Gongan by Bill Kanengiser
Performers: Charlie Sleep, Justin Santos, Jason Hall, and Kris Lang.
World Music Primer by Dusan Bogdanovic
1. Balkanska Petica (Balkan Five)
Justin Santos and Rory Urquhart
3. Auld Lang Syne
4. Makedonsko Devojce (Macedonian Lass)
Rory Urquhart, Jake Masterson, Nick Hart
5. Hsiao Pai Ts'ai (Little Cabbage)
6. An African Puzzle
Justin Santos, Kris Lang, Rory Urquhart
Irish Dance-- Traditional Arr. by Jeremy Sparks
Kris Lang, Rory Urquhart, Greg Willis, Jake Masterson
Agua y Vinho by Egberto Gismonti Alex Diaz and Jake Masterson
Easy Winners by Scott Joplin
Greg Willis, Alex Diaz, Leonardo Simmons
Danza del Corregidor by Manuel de Falla
Jason Hall, Justin Santos, Charlie Sleep
Kris Lang and Jason Hall
Danza del Juego de Amor
Justin Santos, Charlie Sleep, and Nick Lambson
by Nicholas Lambson
This year, the HSU Guitar Ensemble will perform music from around the world. The guitar is a main element in so many musical styles and cultures, and our concerts will reflect that diversity.
There are also a few “non-Western” pieces arranged for guitar, including some short works based on music from Africa, China, and Japan. We are also doing another prepared guitar piece where we place various objects on the strings to change the sound of the instrument. Last year we performed a piece that imitated an African thumb piano, or mbira, and our new piece imitates Indonesian Gamelan orchestras.

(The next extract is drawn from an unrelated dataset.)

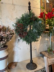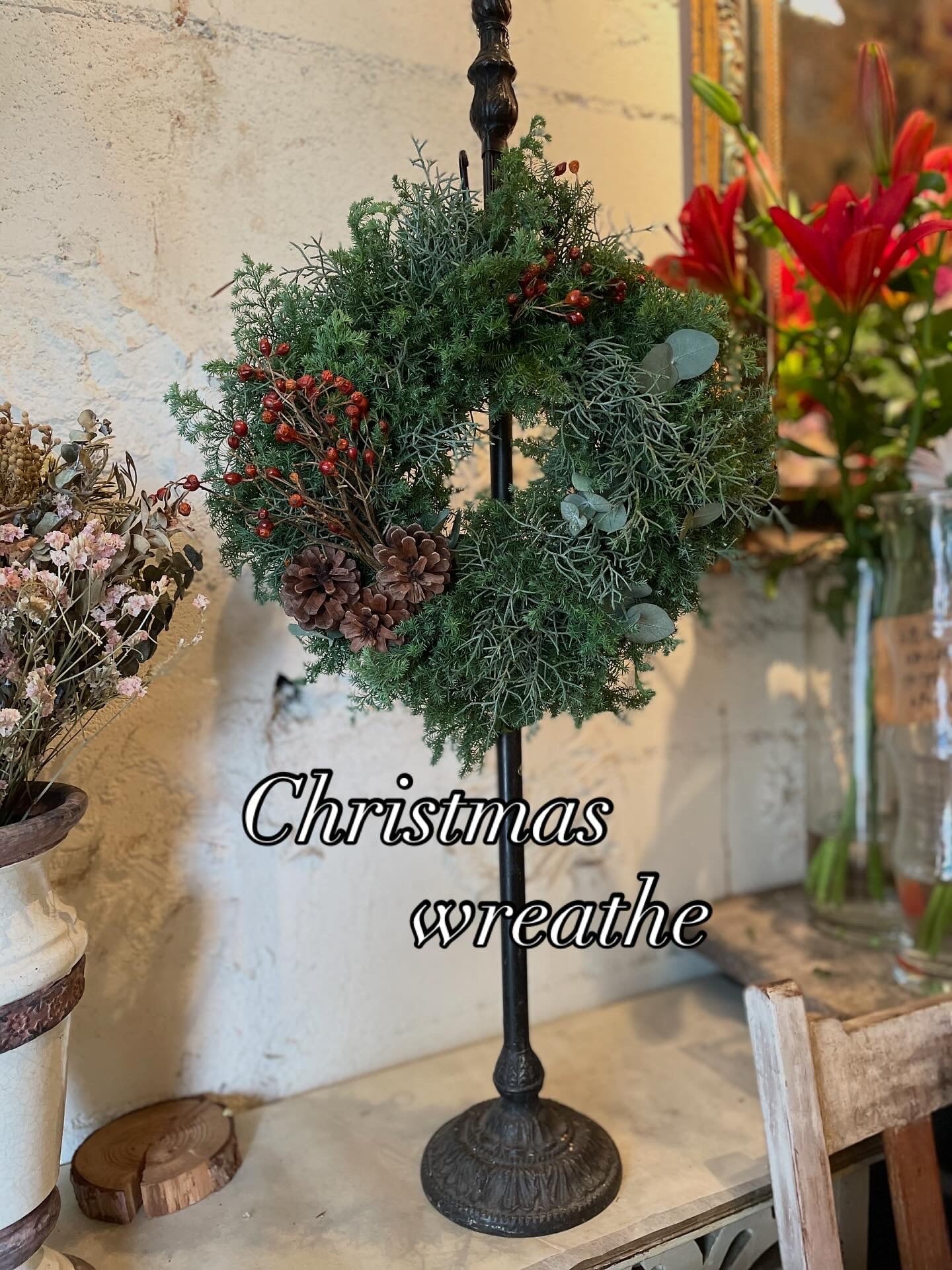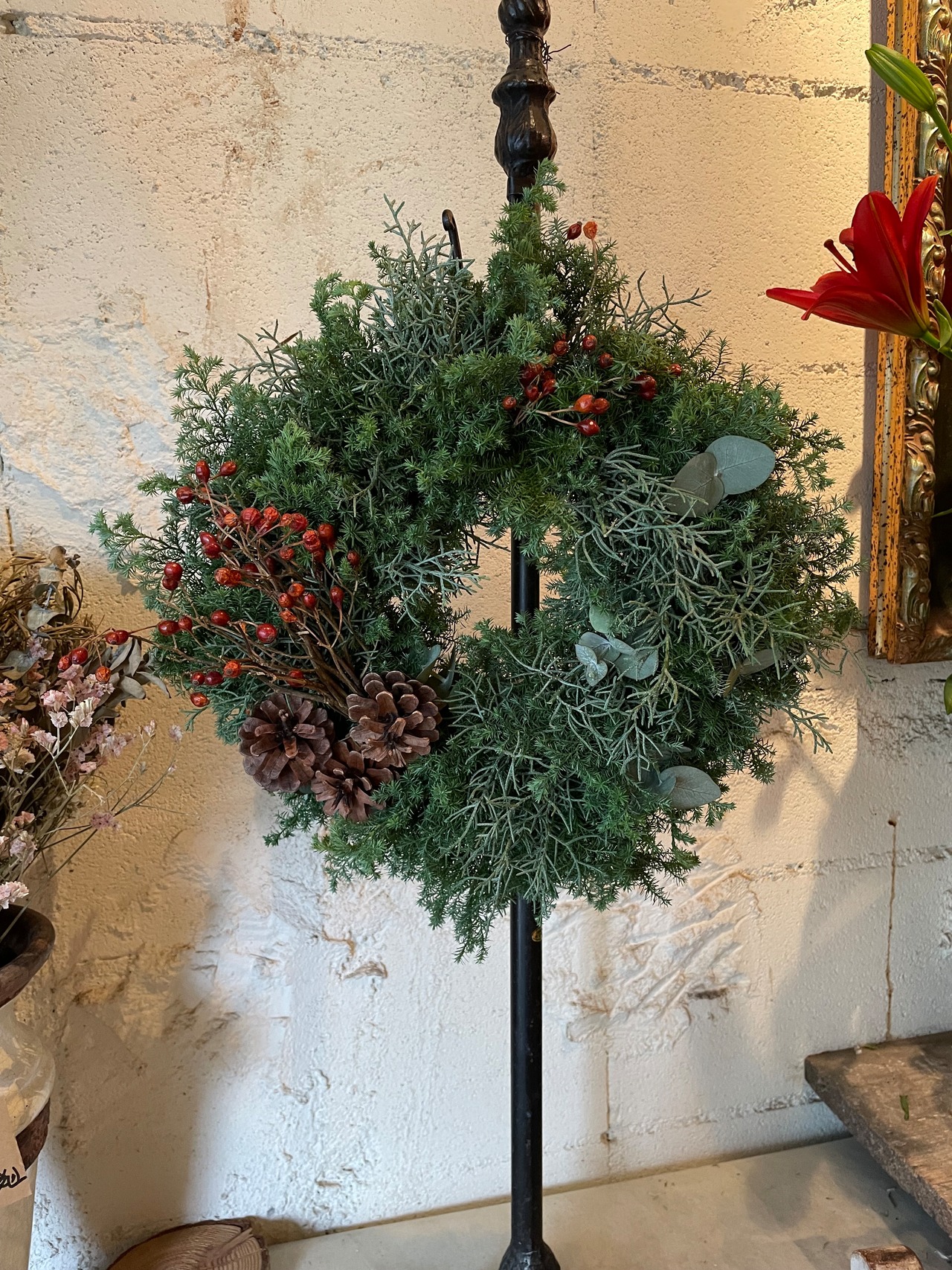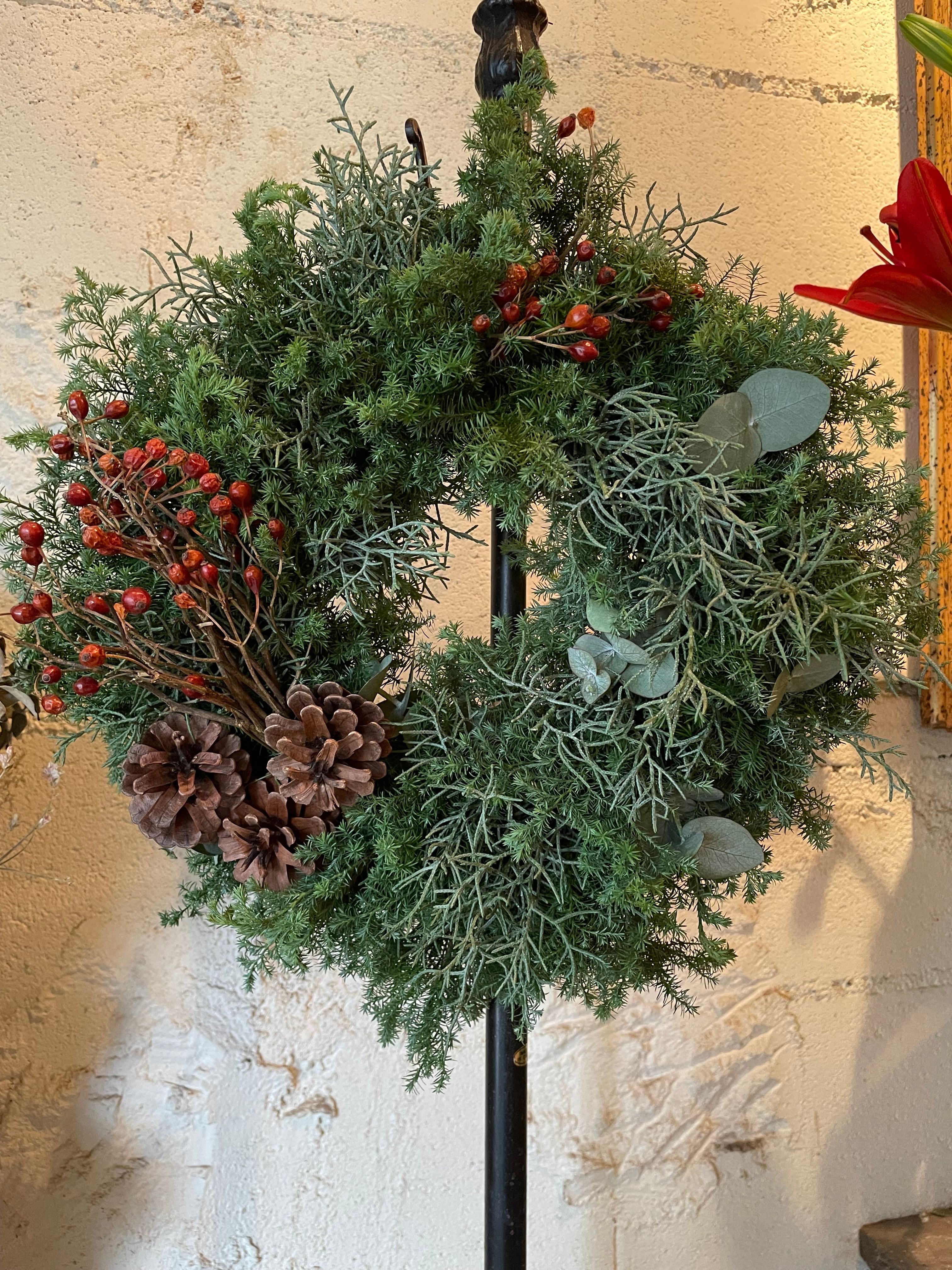 花材:ヒムロスギ、ブルーアイス、ユーカリ、バラの実、松ぼっくり

Gongan utilizes prepared guitar techniques, requiring us to alter the sound of the instrument by placing foreign objects on the strings. We are using screws, bolts, washers, foam, and alligator clips for this one, and the effect is truly amazing! Musically, the pentatonic pitch collection is a clear representation of gamelan, and the rhythmic organization does this as well. Different “instruments” will be playing rhythmic cycles of various lengths, and gongs mark important moments where everything aligns. Kanengiser’s work is extremely unique, and a major contribution to the guitar repertoire.
His performing and recording activities include work with chamber ensembles of diverse stylistic orientations: the De Falla Guitar Trio; a harpsichord and guitar duo with Elaine Comparone; and jazz collaborations with Anthony Cox, Charlie Haden, Milcho Leviev, James Newton, Arto Tuncbayaci, and others.
Dusan Bogdanovic has recorded nearly 20 albums, and over 70 works have been published. His theoretical work includes polyrhythmic and polymetric studies, as well as a bilingual publication covering three-voice counterpoint and Renaissance improvisation for guitar and Ex Ovo: a guide for perplexed composers and improvisers. He has also collaborated on multi-disciplinary projects involving music, psychology, philosophy and fine arts.
World Music Primer clearly displays Bogdanovic’s connection with world music in general, though the Balkan and Macedonian works in this collection are the most unique to him, being from that region. Those pieces feature odd rhythms (5/8 and 7/8), syncopations, and ornaments, traits were are often found in folk traditions of Eastern Europe.
Jeremy Sparks was born in London, England. He began his guitar studies under Oswald Rantucci at the State University of New York at Buffalo. Upon receiving his performance degree in 1976 he formed the Buffalo Guitar Quartet, and composed music for four guitars, which was virtually non-existent at that time..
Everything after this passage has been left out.